With the interest on student loans set to double on July 1st, will it pop the student loan bubble, or is it the necessary medicine to slow down the growth of the bubble?
It seems we won’t have that debate because politicians in Washington, including both Obama and Romney, agree that raising the interest on student loans will be an “enormous burden that threatens the economic recovery.” In other words, keep the bubble going to win middle-class votes and avoid any pain.
In either case, students are already suffering from having to paying back massive principal balances because the cost of attending college has increased 439 percent from 1982 to 2007, and even more since then.
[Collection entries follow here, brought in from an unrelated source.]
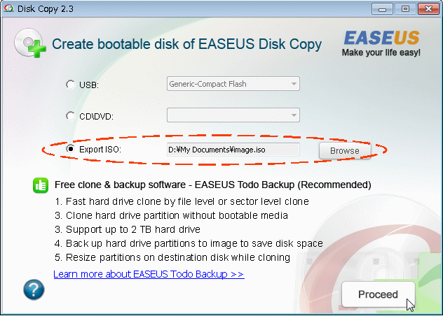直接 CD/DVDドライブに書き込む場合は「CD/DVD」を、一旦 ISOファイルを作成して CD/DVD書込みツールで書き込む場合は「Export ISO」を選択して「Proceed」ボタンを押す。(この起動ディスク作成ツールが CD/DVDドライブを認識しない場合があるようなので、その場合は「Export ISO」を選ぶ)
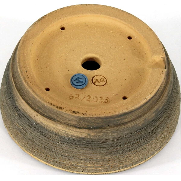 Herstellungsverfahren: Der Grundkörper dieser Bonsaischale wurde mit einer Drehscheibe hergestellt. Der lederharte Rohling wird akurat per Hand geglättet und beim Trocknen ständig ausgerichtet und nachkorrigiert. Nach dem Trocknen wurde die Schale bei ca. 1220°C (Elektroofen) gebrannt. Durch die hohe Temperatur im Ofen ist die Schale dichtgebrannt und frostfest.
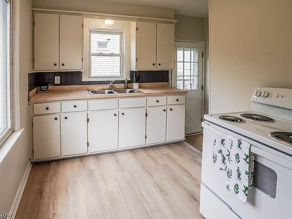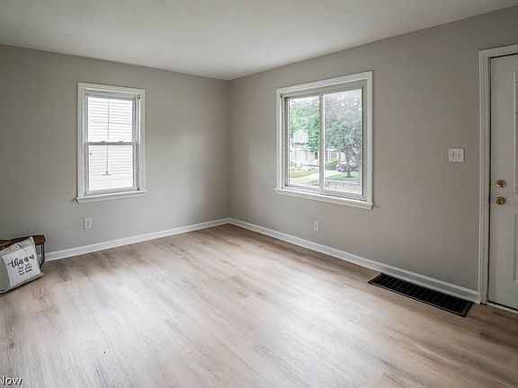 This charming ranch in Firestone Park is a must-see for anyone starting out or looking to downsize! The cozy layout includes easy-to-maintain vinyl plank flooring and neutral paint colors, making it a breeze to match your decor. The living room is filled with natural light, creating a warm and inviting space. The kitchen is both efficient and practical, with ample cabinet storage and a handy side door leading to the driveway. Down the hall, you'll find two comfortable bedrooms and a full bath with tiled walls and built-in linen storage. The full basement offers plenty of room for storage and laundry hookups. Outside, there's ample off-street parking in the driveway, leading to a detached one car garage and a spacious backyard. Nestled on a quiet dead-end street, this affordable home is conveniently close to everything you need. Schedule your showing today!
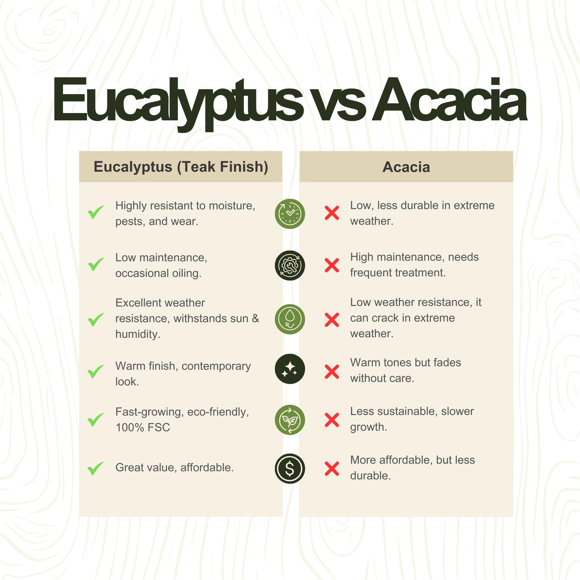- Premium Construction: Solid Eucalyptus Grandis wood with teak finish for timeless elegance
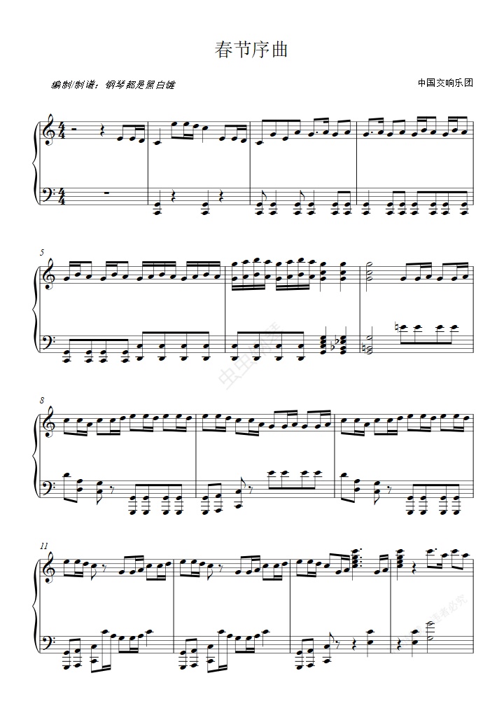 钢琴谱:春节序曲 -中国交响乐团 【燃燃燃钢琴独奏】

Meanwhile, during that same period, median family income only rose 147 percent.
If those numbers weren’t ugly enough, CNBC reports that the total student loan debt in the U.S. is $870 billion, surpassing credit card debt, with two-thirds of it being owed by citizens under 30 years old. What’s more, this interest-rate increase comes just when it was reported that over half (53%) of recent college graduates are unemployed or underemployed.
All of these numbers seem to ensure that all recent grads face a lifetime of debt servitude, especially since student loans cannot be canceled in bankruptcy.
Through no fault of their own, students have been lulled into believing that they must attend college to be successful. This myth is the engine of the college bubble, while cheap, easy, low-interest money from the government has been the fuel that has caused the cost to soar far beyond the rate of inflation.
An increase in interest payments would be even more catastrophic for already over-burdened college graduates. Yet, unfortunately, it may be just what is needed to slow down the growth of the bubble and save a few young people from the prison of debt. As such, it is just one more of the many reasons not to attend college.